Description of the task.
Give the data below again exactly as it stands. Omit the pictures.

Dataset content.
★ ★ ★

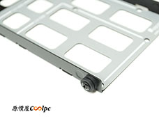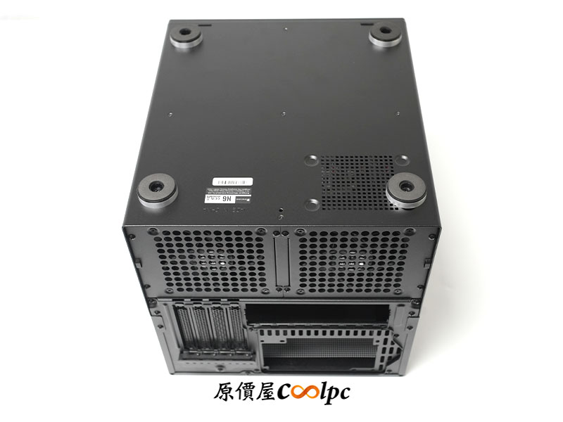機殼底部設有音響級大型腳座,並附有橡膠緩衝墊,能有效降低 9 顆高轉速硬碟運轉時產生的共振噪音。在靠近後方風扇處設有散熱開孔,主要提供給下置 SFX 電源進風使用。
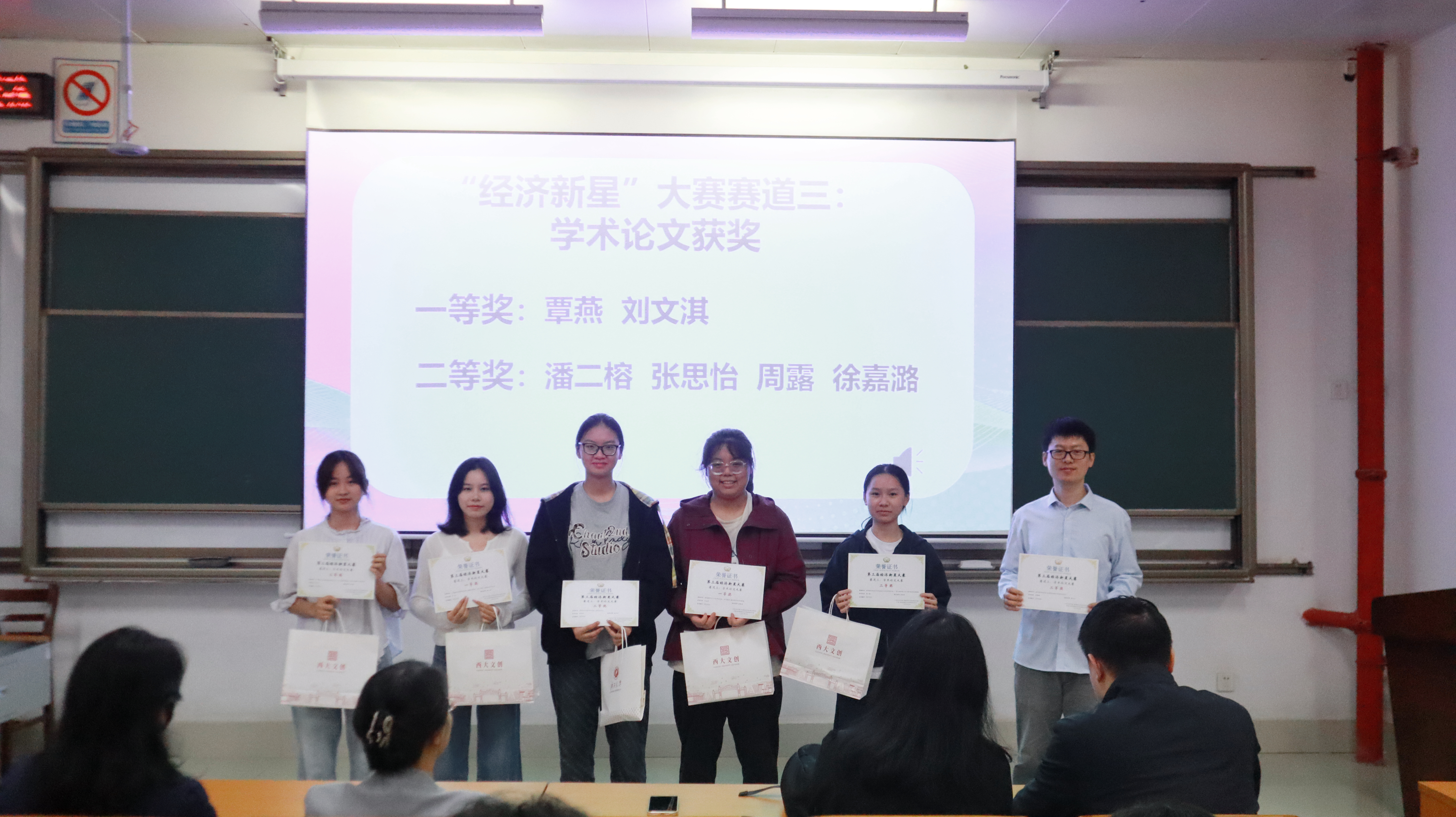 为进一步加强经济学专业不同年级同学之间的学习交流,表彰优秀学子,营造积极向上的学风院风,我院于2025年10月31日举办了“2025年度经济学专业跨年级交流大会暨第三届经济新星大赛颁奖仪式”。本次活动由经济学专业各年级联合主办,院长助理覃诚、经济学系主任郭南芸、彭晴、黄天宇、苗璐等经济学专业教师、指导老师及各年级经济学专业、创培班经济学方向的同学参与本次活动。
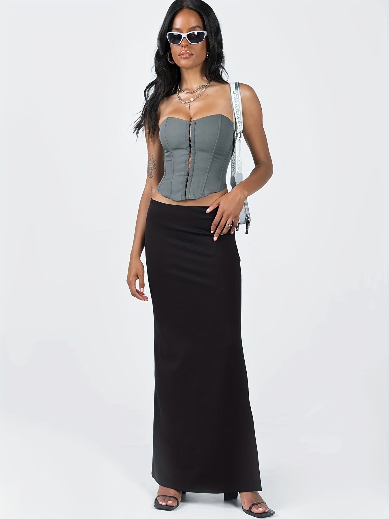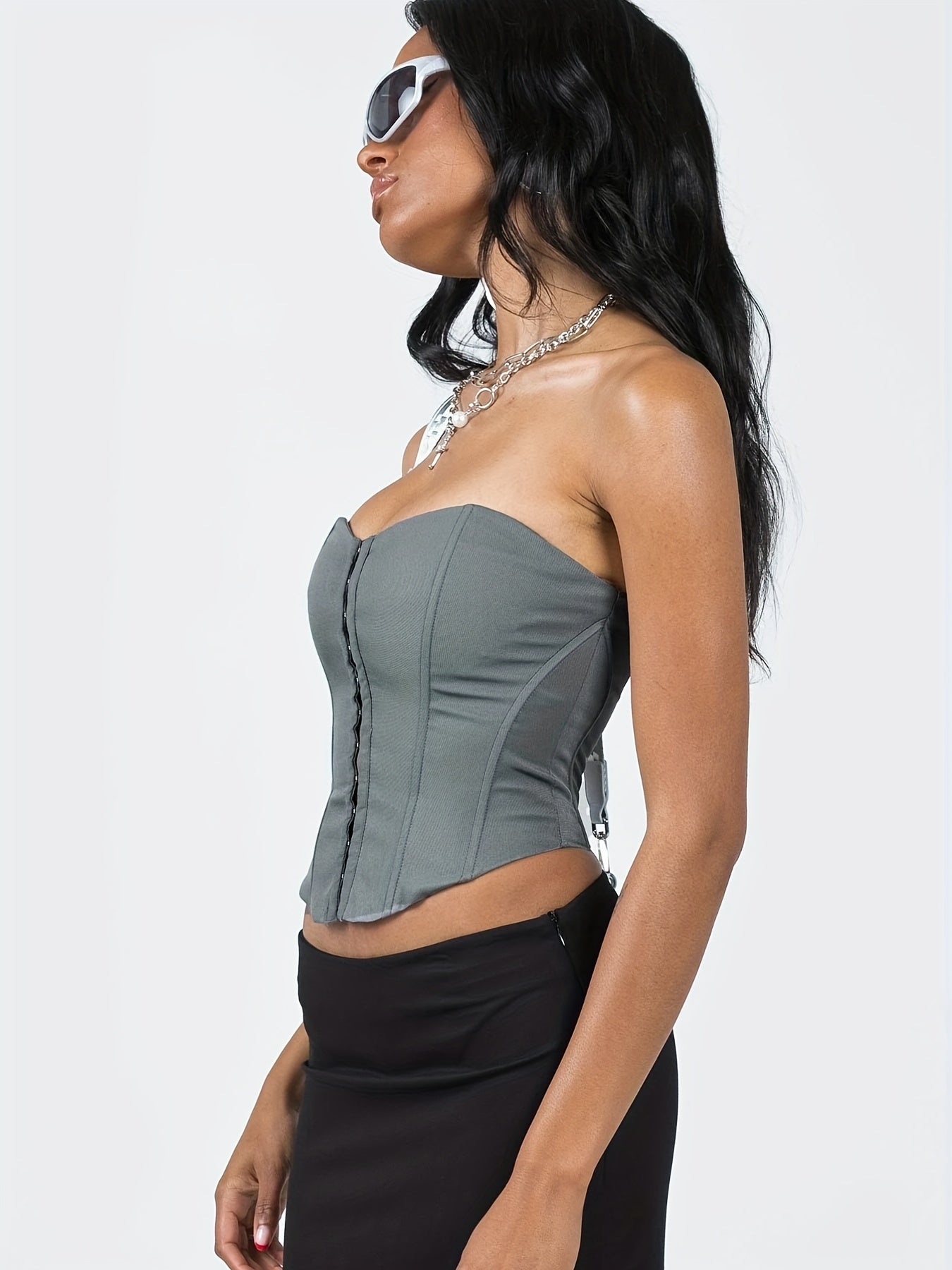 Sixsr Solid Hanky Hem Corset Crop Top, Casual Button Front Tube Top For Club & Party, Women's Clothing

★ ★ ★

Result of this task.
機殼底部設有音響級大型腳座,並附有橡膠緩衝墊,能有效降低 9 顆高轉速硬碟運轉時產生的共振噪音。在靠近後方風扇處設有散熱開孔,主要提供給下置 SFX 電源進風使用。
 为进一步加强经济学专业不同年级同学之间的学习交流,表彰优秀学子,营造积极向上的学风院风,我院于2025年10月31日举办了“2025年度经济学专业跨年级交流大会暨第三届经济新星大赛颁奖仪式”。本次活动由经济学专业各年级联合主办,院长助理覃诚、经济学系主任郭南芸、彭晴、黄天宇、苗璐等经济学专业教师、指导老师及各年级经济学专业、创培班经济学方向的同学参与本次活动。
 Sixsr Solid Hanky Hem Corset Crop Top, Casual Button Front Tube Top For Club & Party, Women's Clothing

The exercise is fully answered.